Learning

Learning

Here we are in Bali and watching the children head off to school each day.

And I have no idea really just what happens in school here though yesterday I did chat with an American living in Bali who has a child at school, and is herself a teacher and on the local school board. And she thinks highly of her experience here. And I try to pay attention, and still I wonder how and in what ways the children grow up here. I was speaking to a traveller the other day who said: ‘I have heard children crying here, but they have all been Western kids.’ Hmmm….

So with possibilities in mind, I again say thanks to Wes Fryer for the following.

And I think I might just quote him holus-bollus and you can decide what you think.
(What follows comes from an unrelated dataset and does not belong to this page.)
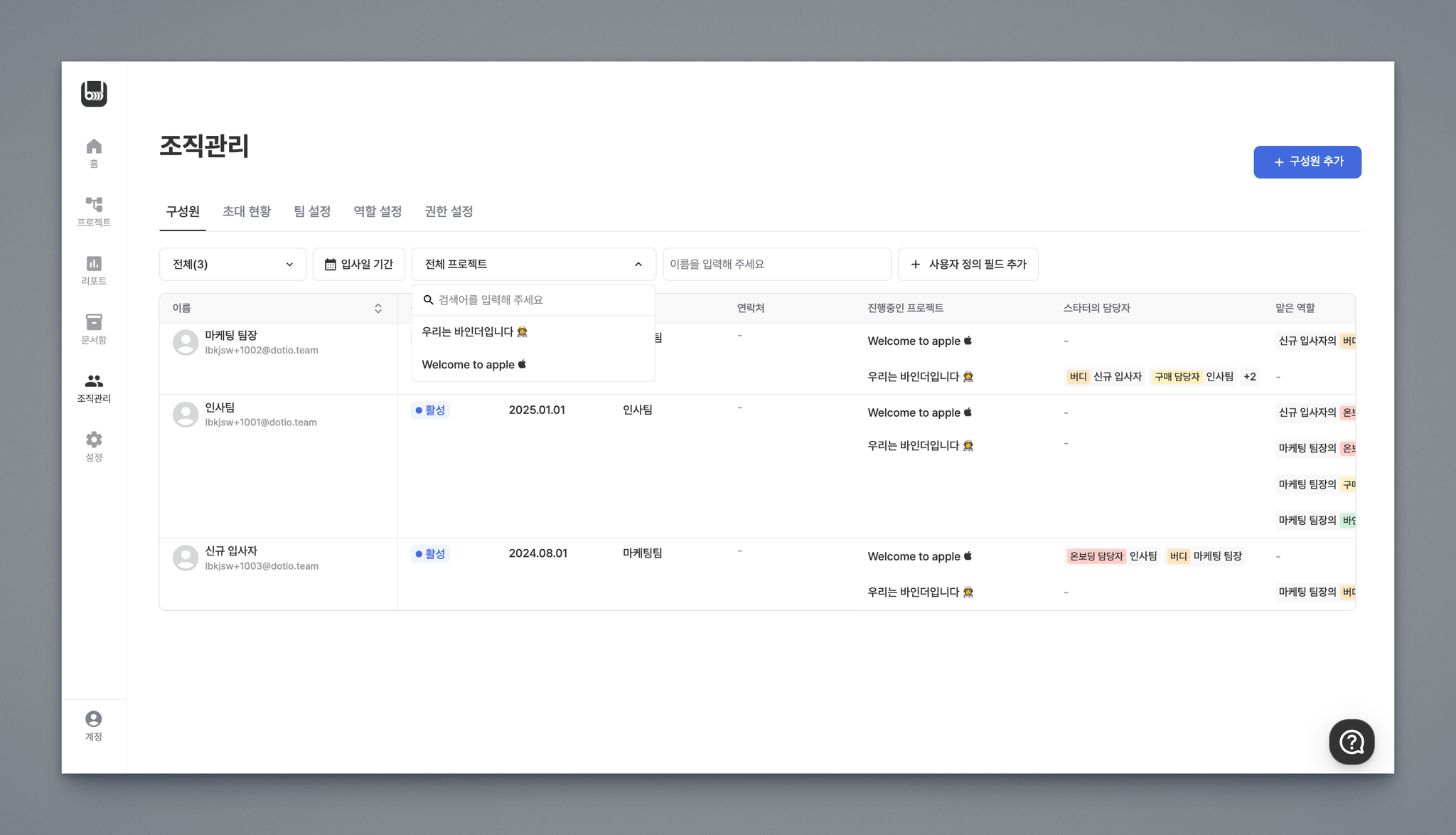 전체 프로젝트 필터를 통해 특정 프로젝트에 참가하고 있는 임직원만 열람할 수 있습니다.

It is another comment in the ongoingly important discussion about education and the world we live in. Sometimes…with two small children…I just look at the future (ie next week?) and LOL….oh and have the occasional thought and even discussion…sometimes with people other than myself.

This is what Mr. Fryer has to say referring to the Bloom’s model:

‘This mode of teaching is certainly “messier” than traditional, teacher-directed instruction, but this is exactly the sort of dialog we need to prepare students to be engaged and educated citizens in the 21st century. Our need for critical thinking is greater today than ever before. Are you living in an echo chamber? Are your students? We need to find ways to regularly step outside our bubbles of normalcy and question both our assumptions and our sources of information. This inquiry-based process should allow us to act as true “sceptics” guided by a scientific way of thinking rather than “deniers” driven primarily by ideologies or other biases. Our digitally connected learning landscape makes this need even more apparent than it was a decade ago, last year, or last week.